Introducing New Horses

Introducing new horses

It is important to plan when introducing new horses to each other. Ideally, it should be done slowly and in a way that does not cause them, or the horses in existing herds, any unnecessary stress.

You also need to ensure people are kept as safe as possible. We would always recommend having sturdy footwear and a riding hat conforming to current British Safety Standards when attempting to introduce horses to each other.

Choosing a herd for your horse

Consider the sex, size, age, temperament and management needs of the new horse and identify the most suitable herd for them to join. When possible, take into consideration any responses to previous introductions to other horses. Horses most commonly choose companions of a similar size, age and colour to themselves.

Assess the proposed herd fully, paying particular attention to clinical history of individual herd members and potential health risks they may have from excitable behaviour in the field. For example, those with a history of laminitis should avoid the increased impact on their feet from excessive trotting, cantering or galloping.

Two horses running through field

Getting your horses ready to meet

If horses are being put into a new field which they haven’t been in before, they should, wherever possible, be allowed some time in that field without any other horses. This will allow them to familiarise themselves with the layout, positioning of resources and areas they may be able to escape to.

When sufficient time is available, scent swapping should be used before any physical interaction between horses. This can be done by allowing a new horse and existing herd members to investigate the smell of each other’s droppings – either in a field or in stables. Ideally this should be done for a week, longer if any big reactions are seen.

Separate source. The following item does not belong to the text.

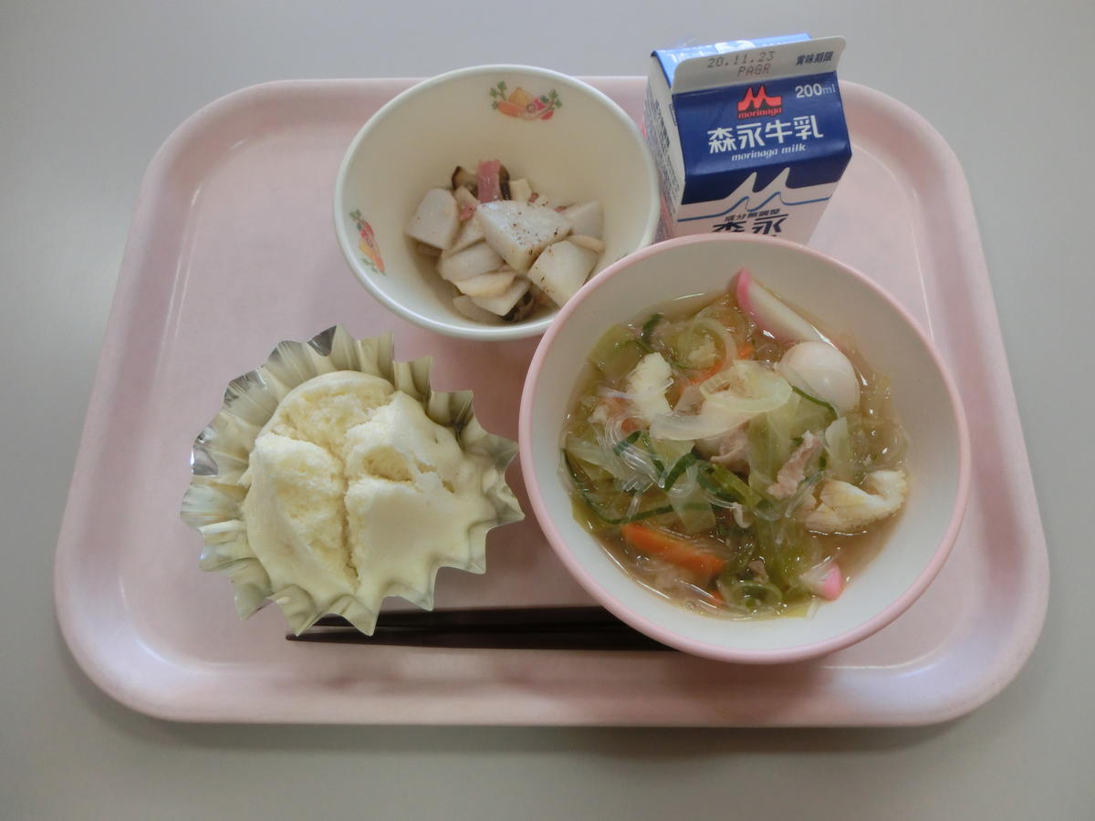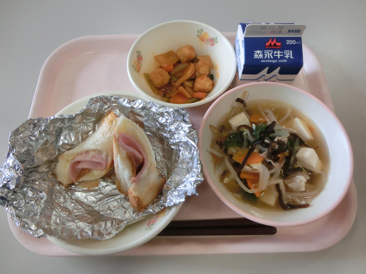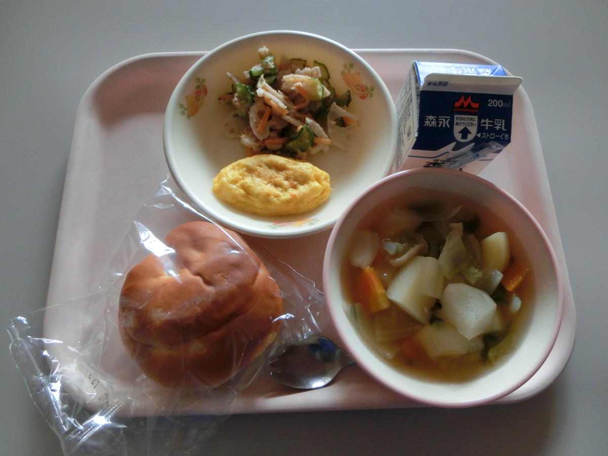 | パインパン ふゆやさいのポトフ れんこんツナサラダ トマトオムレツ 牛乳 |
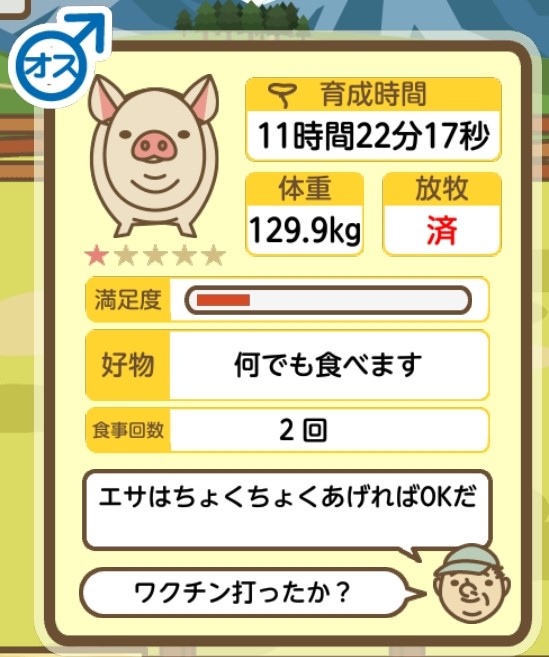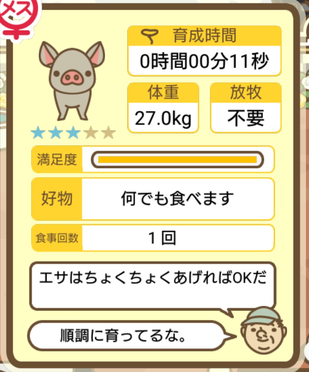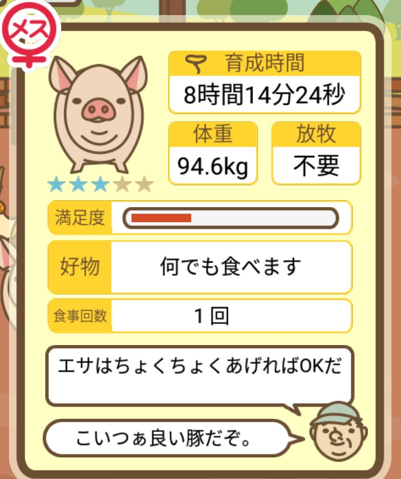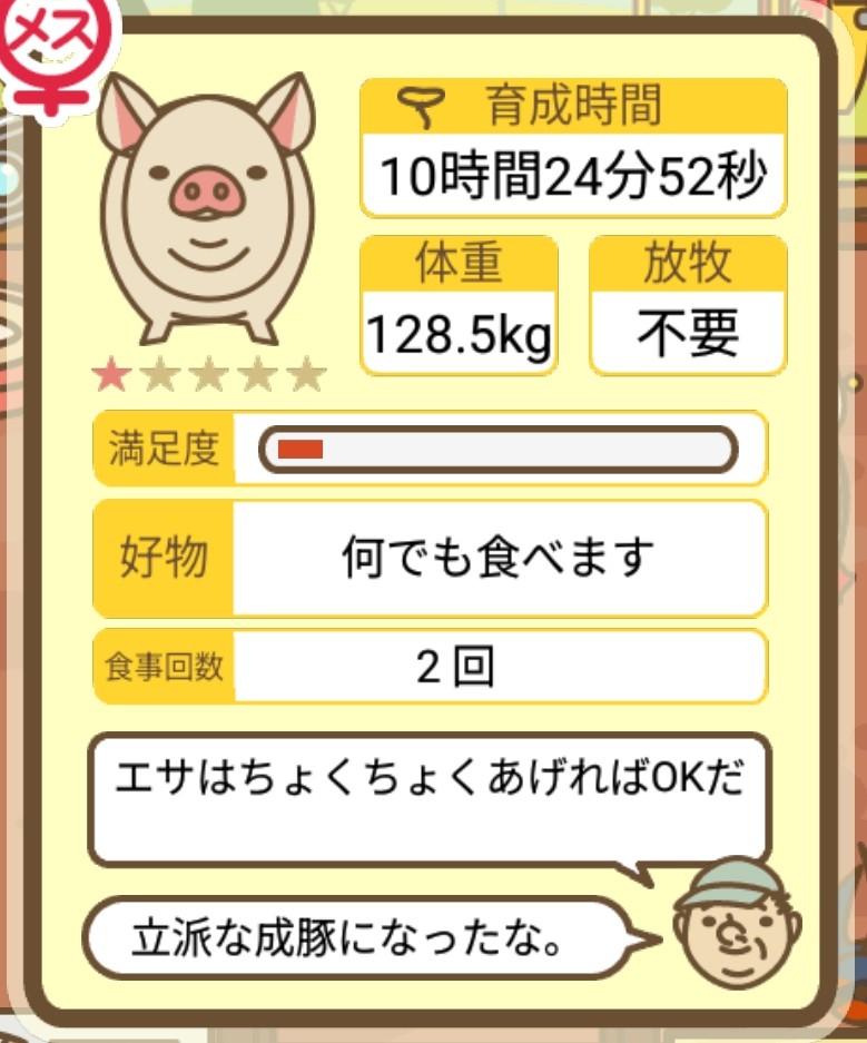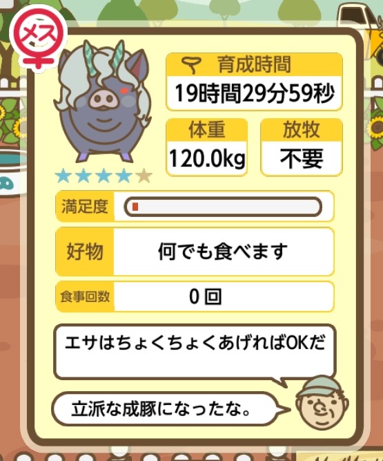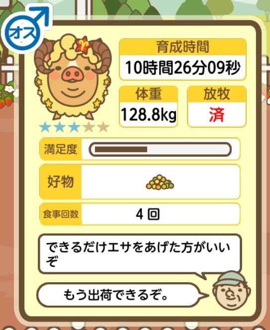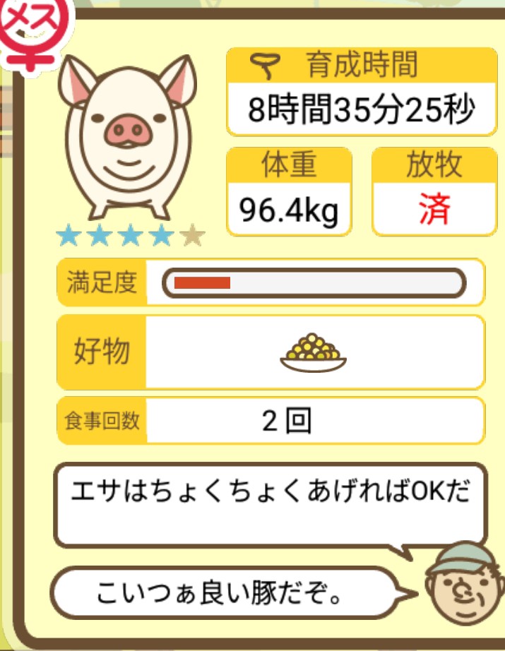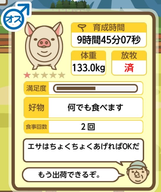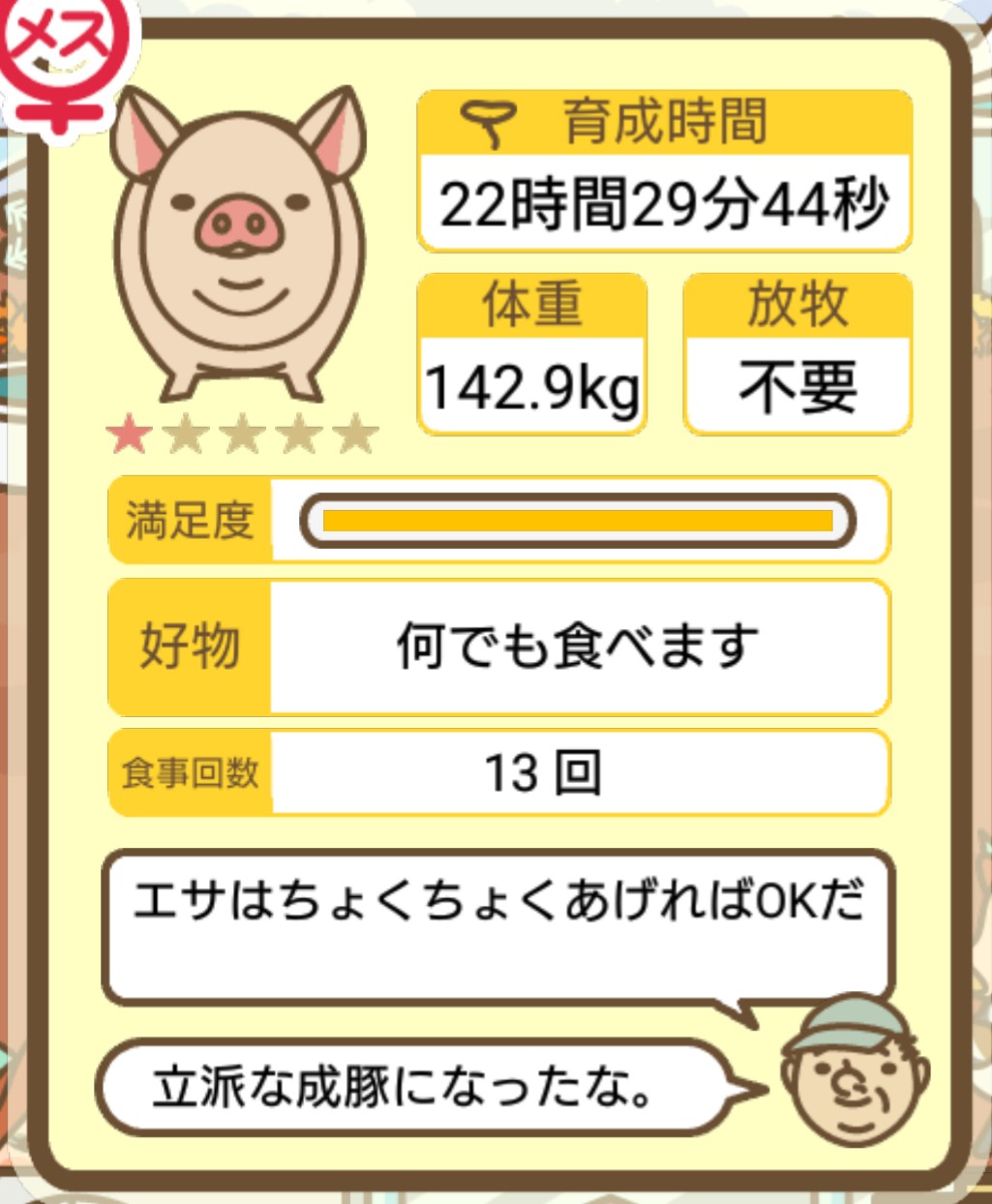 スクショないですが、放牧済、放牧場成豚、エサ3回では成功してます。(00:01成豚) -- 名無し[Ea6iFKq0LBo] 2025/11/07 (金) 21:15:25

Horses who are to be turned out together should be housed next to or opposite each other before being turned out. Where new horses are introduced to each other for the first time in stables or crew barns, a quiet area should be chosen with minimal distractions. Horses from the existing herd will ideally be housed in a stable opposite or next to the new horse. How you arrange this should depend on how reactive the new horse appears. Allow time for the horses to interact while being observed. Other horses from the existing herd can be added to the immediate area if this goes as planned and can then be housed directly next to the new horse over time so that all horses have had some interaction before being turned out together.

Where possible, horses who are going to be introduced as field companions should spend some time together in-hand. This can be done in an arena or yard. Start with the horses at a distance from each other and gradually walk nearer and nearer until eventually they are walking side by side. These horses can be rewarded by their handler for all positive behaviour so that they have positive experiences in the presence of the other horse. If there are any signs of aggression or anxiety between the horses, they should be kept at a further distance. The horses can then continue to walk at that distance until their behaviour becomes more relaxed and positive.

Two horses walking through field

Managing the first meeting

If horses are being introduced for the first time in a field, they should already have been grazed in adjacent fields. Horses who are most likely to be reactive should be added first, with calmer horses being added later. This should ideally be done over the course of a few days rather than adding all horses on the same day. Before letting them go, position horses away from any tight corners, troughs or other hazards. Field-safe headcollars should be left on during this time to aid catching them more easily if needed.

If resources are limited, such as during winter, multiple small piles of hay should be positioned around the field with several horses’ lengths between them. There should be at least two piles per horse, preferably more, to prevent resource guarding.

When leading unfamiliar horses to their new field, horses should be led individually.

Once the horses have been safely released both handlers should exit the field and observe the horses from outside, watching for unwanted or unsafe behaviours.